Pan tröstet Psyche (1892)

Pan tröstet Psyche, 1892 - by Ernst and Gustav Klimt

Pan tröstet Psyche, 1892 – by Ernst and Gustav Klimt

In the story of Eros and Psyche, it was Pan who comforted Psyche as she was about to kill herself, after her cruel sisters tricked her into holding up a lamp to Eros as he was sleeping, to glimpse his divine presence, as he had forbade her to do. This was right after Eros left her, disappointed with with her lack of trust. She attempted to hurl herself from a river bank, or cliff of sorts, to the water below, and she was stopped and calmed by Pan, who offered her the following advice.

From Apuleius, The Golden Ass 4. 28 – 6. 24 (Roman novel C2nd A.D.)

The rustic god Pan chanced to be sitting at that moment on the brow of the stream, holding the mountain deity Echo in his arms, and teaching her to repeat after him all kinds of songs. Close by the bank nanny-goats were sporting as they grazed and cropped the river-foliage here and there. The goat-shaped god was well aware of the calamity that had befallen Psyche. He called her gently to him, lovesick and weary as she was, and soothed her with these consoling words.
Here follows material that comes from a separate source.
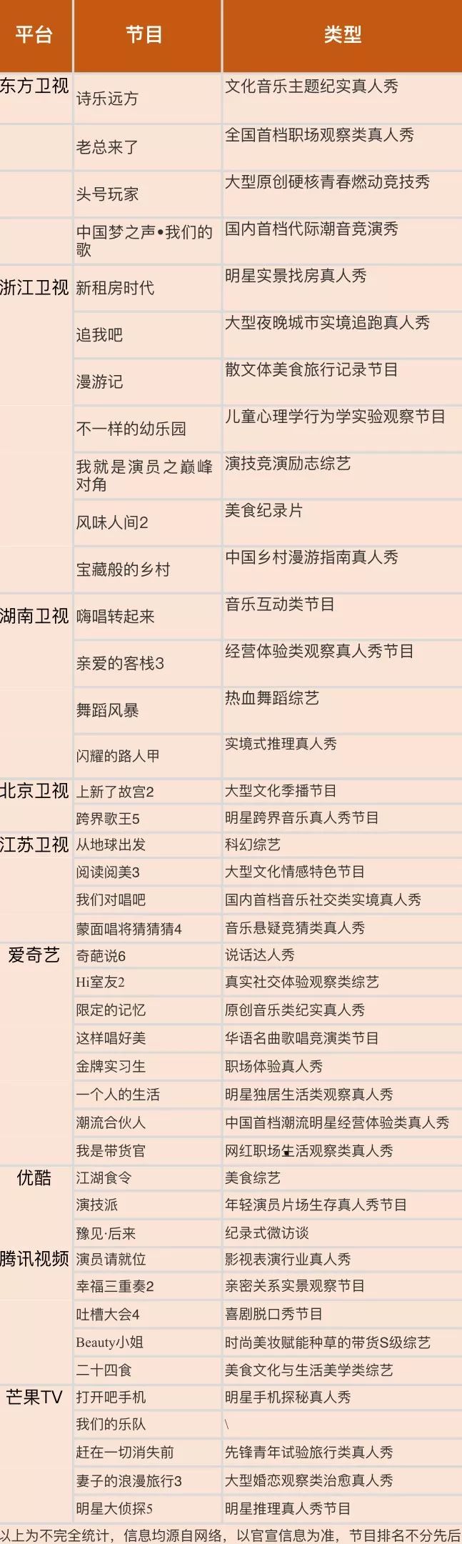与去年前三季度相比,不仅有“偶像从业”,“创建101 ”和“这个!街舞和其他视频网站都具有快速做出了自己的各种各样的艺术动量和高热更多的电台节目,如“声音在现场”和“读者”已经成为一个很大的打击。在今年的前三个季度中,各种各样的艺术喷涂比以前差多了:。少钱原计划展开,各类原各种艺术的发展趋于成熟,同质化现象严重。与此同时,最“百变ñ”计划陷入束缚,难以重新雕刻。过去的热量。

“O fair maid, I am a rustic and rude herdsman, howbeit, an ancient god, and an expert in many things; for as far as I can learn by conjecture, which, according as wise men do term, is called divination, I perceive by your uncertain gait, your pale hue, your sobbing sighs, and your watery eyes, that you are greatly in love. Wherefore hearken to me, and go not about to slay yourself, nor weep not at all, but rather adore and worship the great God Cupid, and win him unto you by your gentle promise of service.” When the God of Shepherds had spoken these words, she gave no answer but made reverence unto him, as to the god he was, and so departed.